To najdroższy czarno-biały film w historii kina, do tego prawie w całości nakręcony w Krakowie. Nagrodzone siedmioma Oscarami arcydzieło, któremu nie zaszkodził grzech pewnego sentymentalizmu, a zarazem wstrząsające świadectwo holokaustu, dowodzące, że kino może być nie tylko rozrywką, ale i przestrogą. "Lista Schindlera", w której pojawiło się 20 tys. statystów i zagrało wielu polskich aktorów, 30 listopada kończy 25 lat.
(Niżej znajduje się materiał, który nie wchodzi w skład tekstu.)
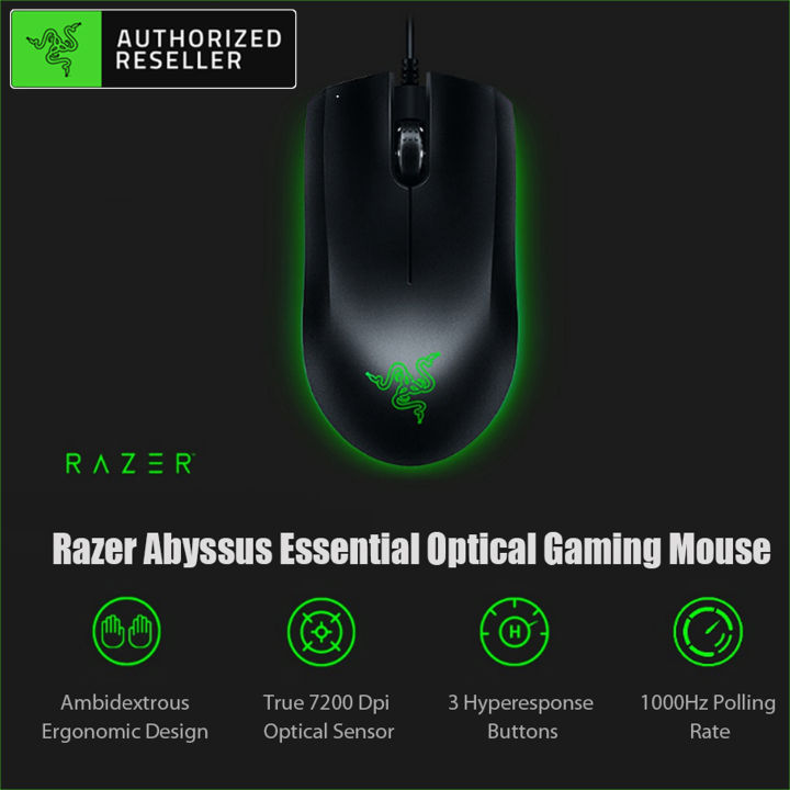 Razer Abyssus Essential Optical Gaming Mouse w/True 7200 DPI Optical Sensor/3 Hyperesponse Buttons Powered by Razer Chroma Ambidextrous Ergonomic Wired Computer Mice for Windows PC Gamers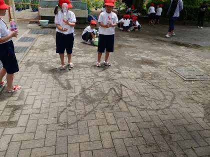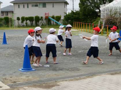 「なつよなかよし」水遊びの種類ごとにグループになって遊びました。

Kraków, II wojna światowa. Niemiecki przemysłowiec Oskar Schindler, członek NSDAP, żyjący w doskonałej komitywie z innymi nazistami, otwiera fabrykę emaliowanych naczyń. Dzięki własnemu sprytowi szybko zdobywa fortunę. Pracują u niego, jako robotnicy przymusowi, Żydzi z getta. Ostatecznie, ryzykując życie, ratuje przed zagładą w obozach koncentracyjnych 1100 z nich, kosztem doprowadzenia swojego majątku do kompletnej ruiny… Po latach Instytut Yad Vashem honoruje go tytułem "Sprawiedliwy wśród Narodów Świata".
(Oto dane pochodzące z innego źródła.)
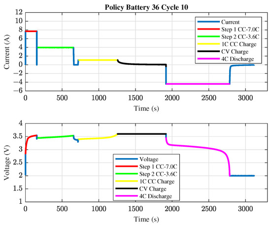 Figure 1 shows an example of the charging and discharging cycles for battery 36, which has a 7C-30PER_3_6C policy. Considering the string defining the policy, the cycle is characterized by a first step current at 7C up to 30% SoC and a second step current at 3.6C up to 80% SoC. In the case of policies with a single fast charging step, is set equal to , and %. Figure 2 shows a typical cycle for battery #1, which is characterized by a single fast charging step of 3.6C up to 80% SoC (3_6C-80PER_3_6C).

Ta historia wydarzyła się naprawdę. Została w 1982 roku opisana na kartach powieści Thomasa Keneally’ego "Lista Schindlera" (pierwotnie "Arka Schindlera"), a 11 lat później zaprezentowana na kinowym ekranie przez Stevena Spielberga w jednym z najważniejszych filmów w historii kina. 30 listopada mija 25 lat od jego premiery (do Polski trafił miesiąc później, 31 grudnia).